First Step Completed in Conversion to Senior Executive Service

Gao ID: FPCD-80-54 July 11, 1980

The Civil Service Reform Act of 1978 created the Senior Executive Service (SES), a gradeless system covering managerial/supervisory positions in the executive branch classifiable at General Schedule (GS)-16,17, and 18 and Executive Levels IV and V, or their equivalents that do not require Senate confirmation. The SES system is to provide better management of the number and distribution of Federal executives, give agency managers greater flexibility in assigning executives where they are most needed, insure that career people entering SES have managerial qualifications, make executives individually accountable for their performance, permit removal of those whose performance is less than fully successful and does not show improvement, link compensation with performance, offer increased advancement opportunities to career executives, and simplify the numerous pay and other laws previously governing senior executive levels. SES has two types of positions: general and career reserved. The general position is the norm for executives with career, noncareer, or limited status. Only a career appointee can occupy a career-reserved position. The Office of Personnel Management (OPM) is responsible for executing, administering, and enforcing rules and regulations governing SES. However, SES has a minimum of regulations which is consistent with the OPM goal of decentralizing personnel management. Despite rigid time schedules, conversion to SES occurred on July 13, 1979, when more than 98 percent of Federal executives became members.

OPM did a creditable job as the focal point for conversion, but some concerns remain.

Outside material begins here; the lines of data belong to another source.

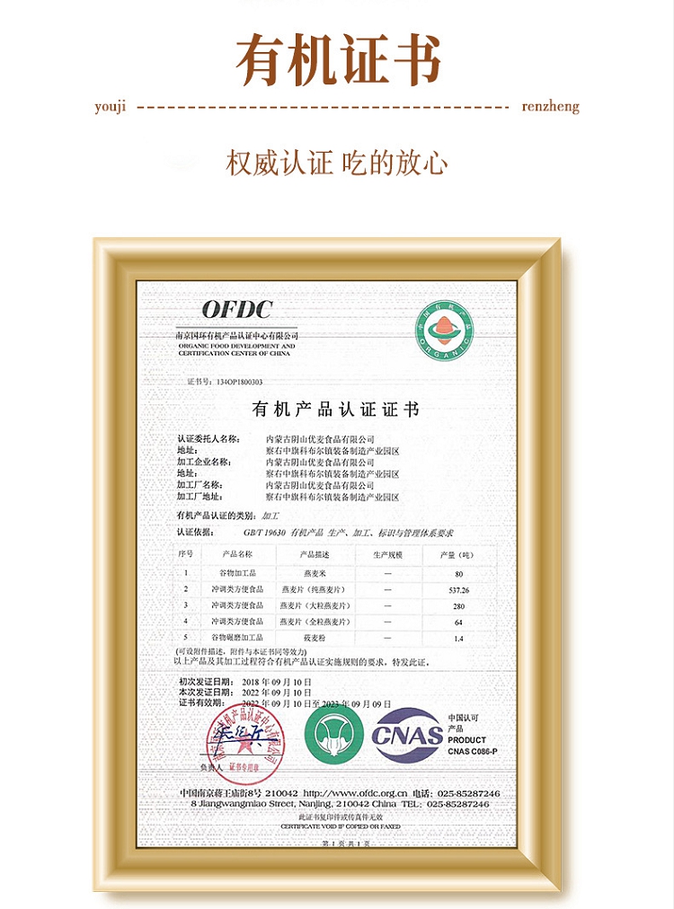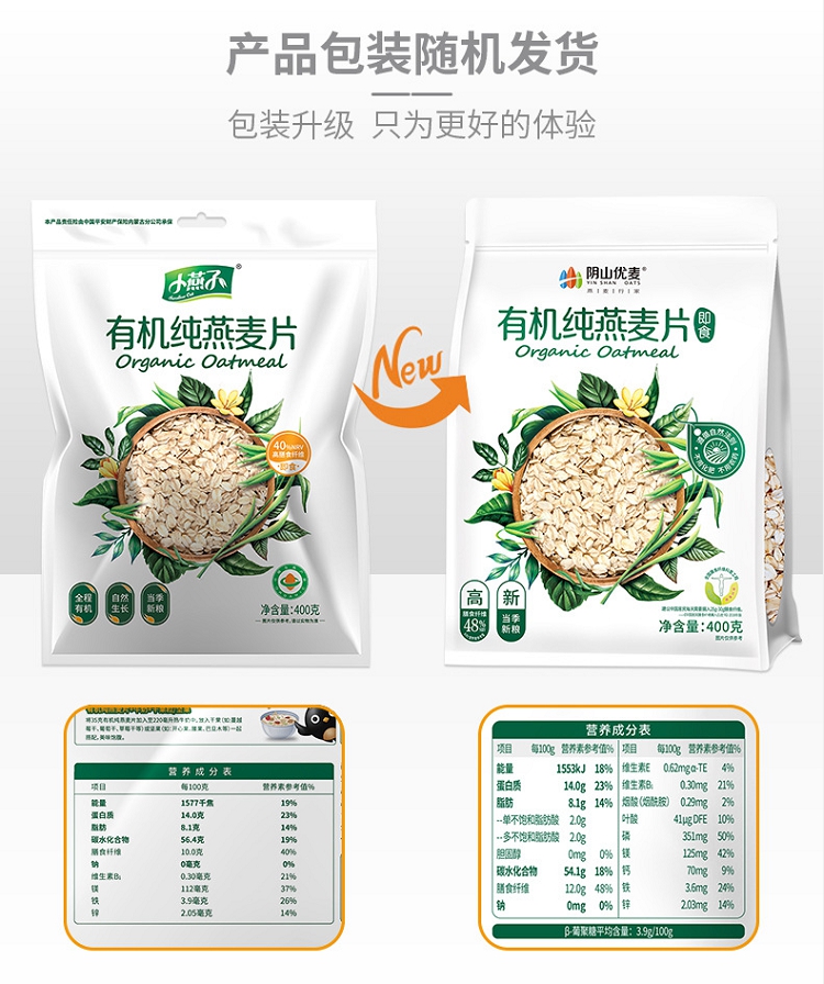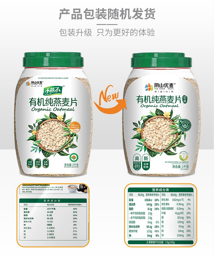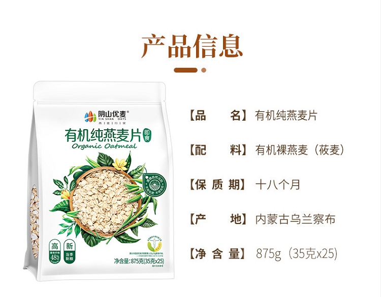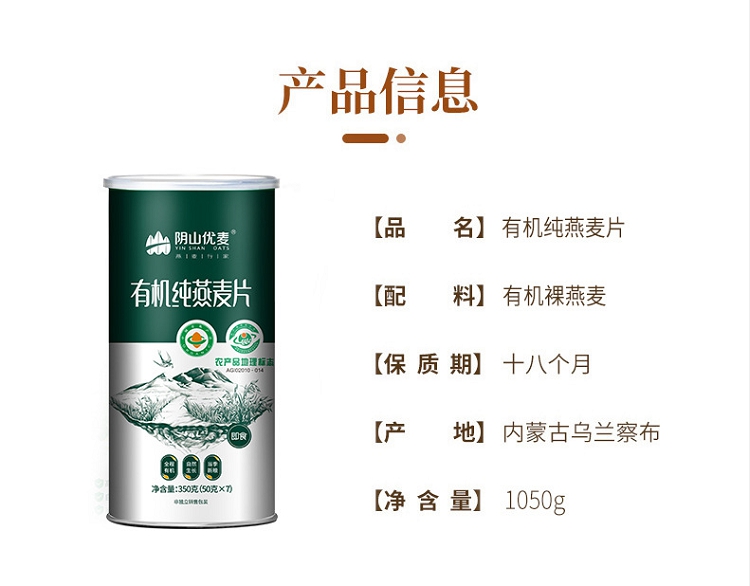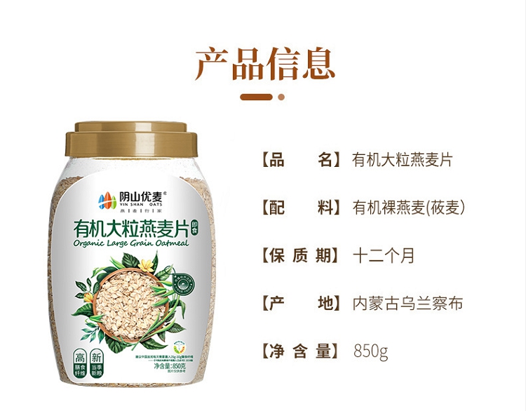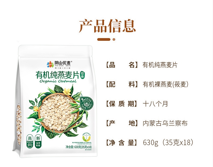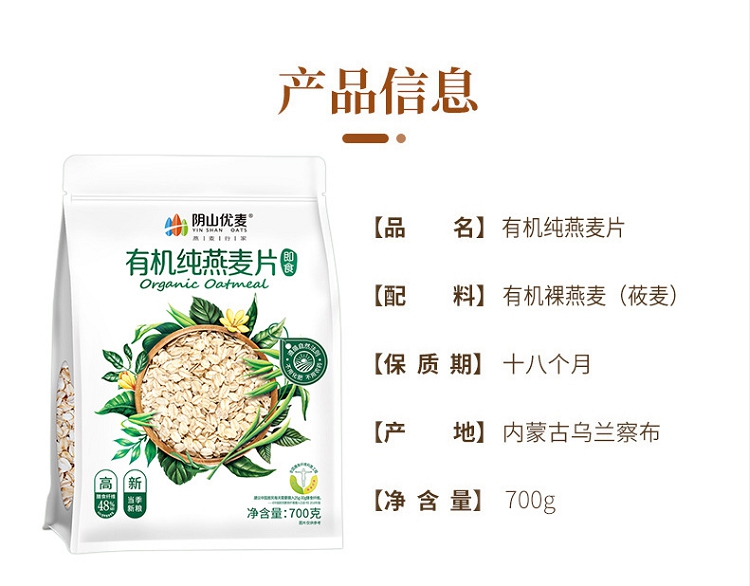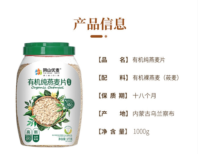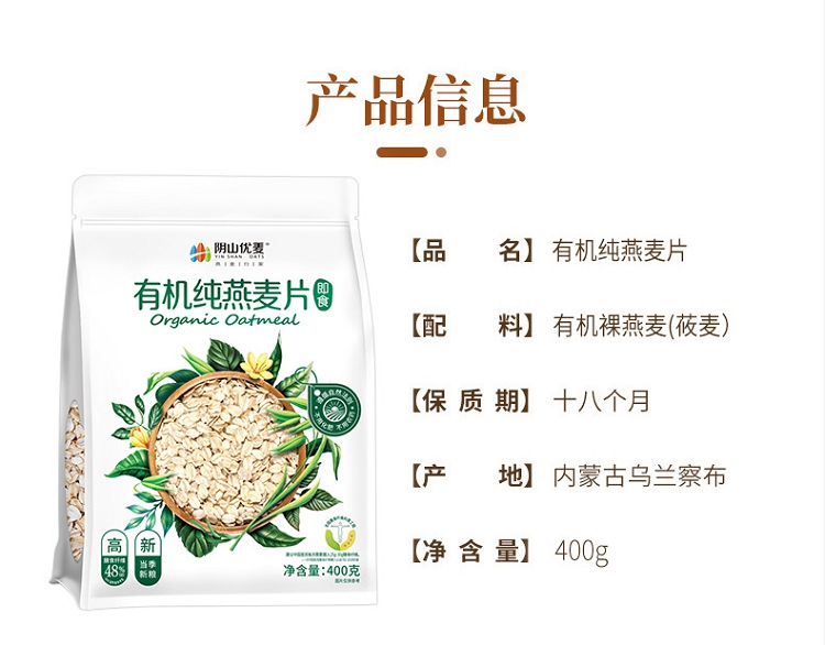 商品名称:阴山优麦阴山源生有机纯燕麦片原味即食冲饮冲调早餐代餐
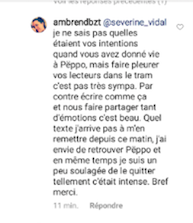 "Séverine Vidal est de retour avec un roman magique, sincère, émouvant, drôle… Bref, c’est un nouveau coup de cœur pour cette autrice! Mon dernier était pour le magnifique Quelqu’un qu’on aime , que je ne cesse de recommander! Il faudra compter désormais avec Pëppo ! Séverine Vidal insuffle une vitalité, une énergie, une sincérité dans ses personnages qu’on a l’impression d’être à leurs côtés le long du fragment de vie qu’elle nous conte."
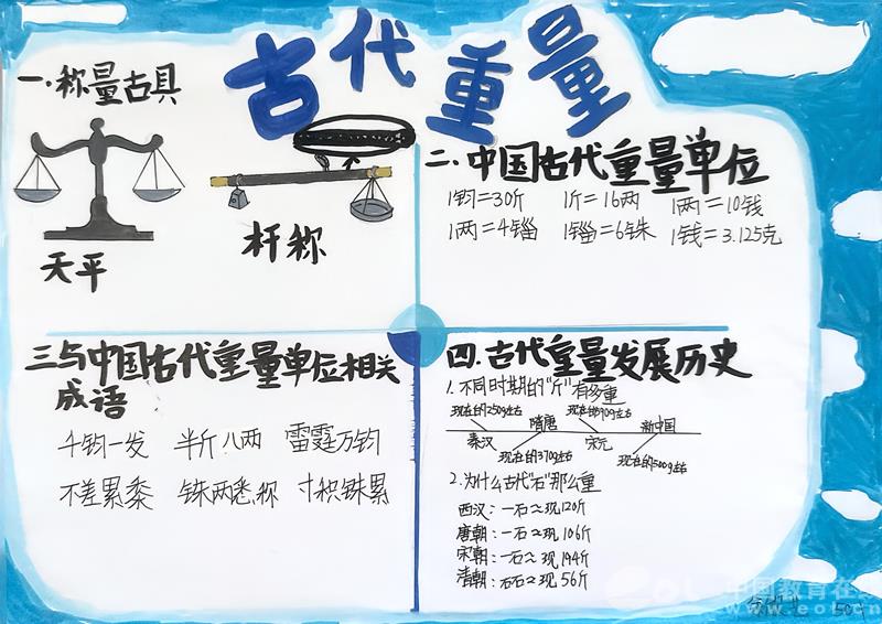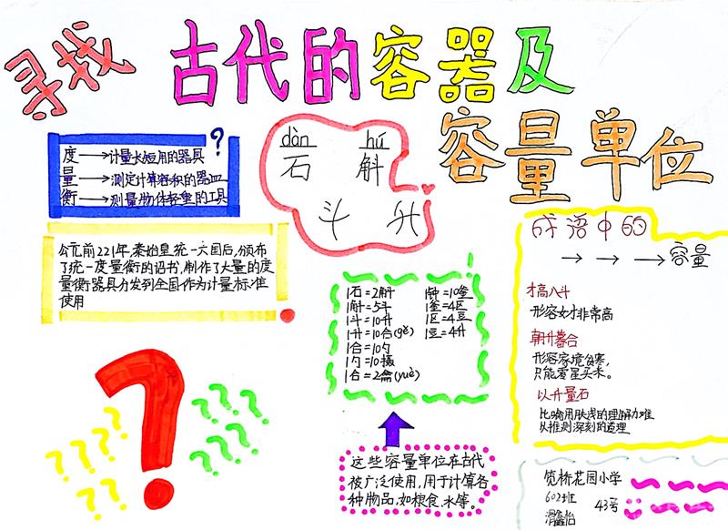 五、六年级共同追溯“度量衡”历史。通过多样学习了解古今重量、容量单位差异,制作学习小报并在班级展示介绍,不仅明晰了“衡”、“量”的发展,更在感悟古人智慧中生出民族自豪感。
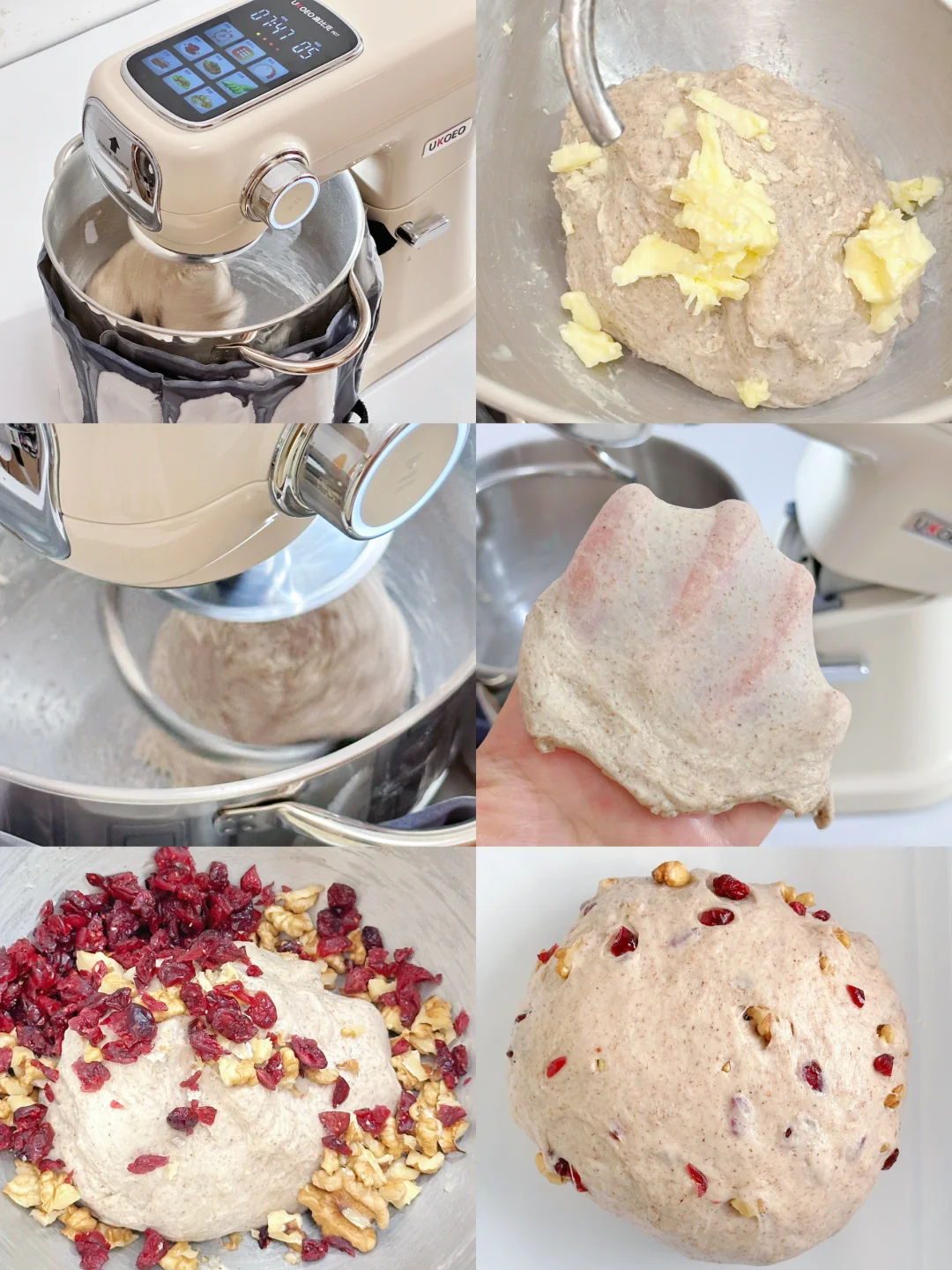 2️⃣除黄油、酵母以外的所有面团材料(包括波兰种)放入高比克007厨师机桶内低速混匀,再转4-5档打至能扯出厚膜,加入黄油和化开的酵母低速混匀,再转4-5档打至能扯出有韧性的薄膜,加入果干坚果碎,低速混匀即可。

Positions that appeared to meet the career reserved criteria were found to be designated as general, and positions with similar responsibilities were being treated differently. Executives who would have otherwise received an SES noncareer appointment, but who had reinstatement eligibility to a position in the competitive service, were given the opportunity by the Act to request reinstatement to career status. OPM issued a regulation to also allow conversion to career status of individuals serving in Schedule C, noncareer executive assignment, noncareer Executive Schedule, and limited executive assignment positions based on prior career-type experience in the expected service. About 1,000 special agency authorizations and a "pool" of executive positions established by the Act are excluded from SES. Most of the authorizations are not being used. Salaries of SES members are currently compressed by the linkage of congressional and Executive Schedule salaries and the limitations on annual pay adjustments for executives which have been imposed by law. If the congressional consideration of restricting the aggregate amount of pay and bonuses becomes a reality, incentives for greater excellence can be stifled, thereby greately weakening the SES system. Potential for inequities exists in awarding bonuses. Most agency concerns involving the timeliness of written guidance at the time of conversion were corrected by subsequent regulations and guidance.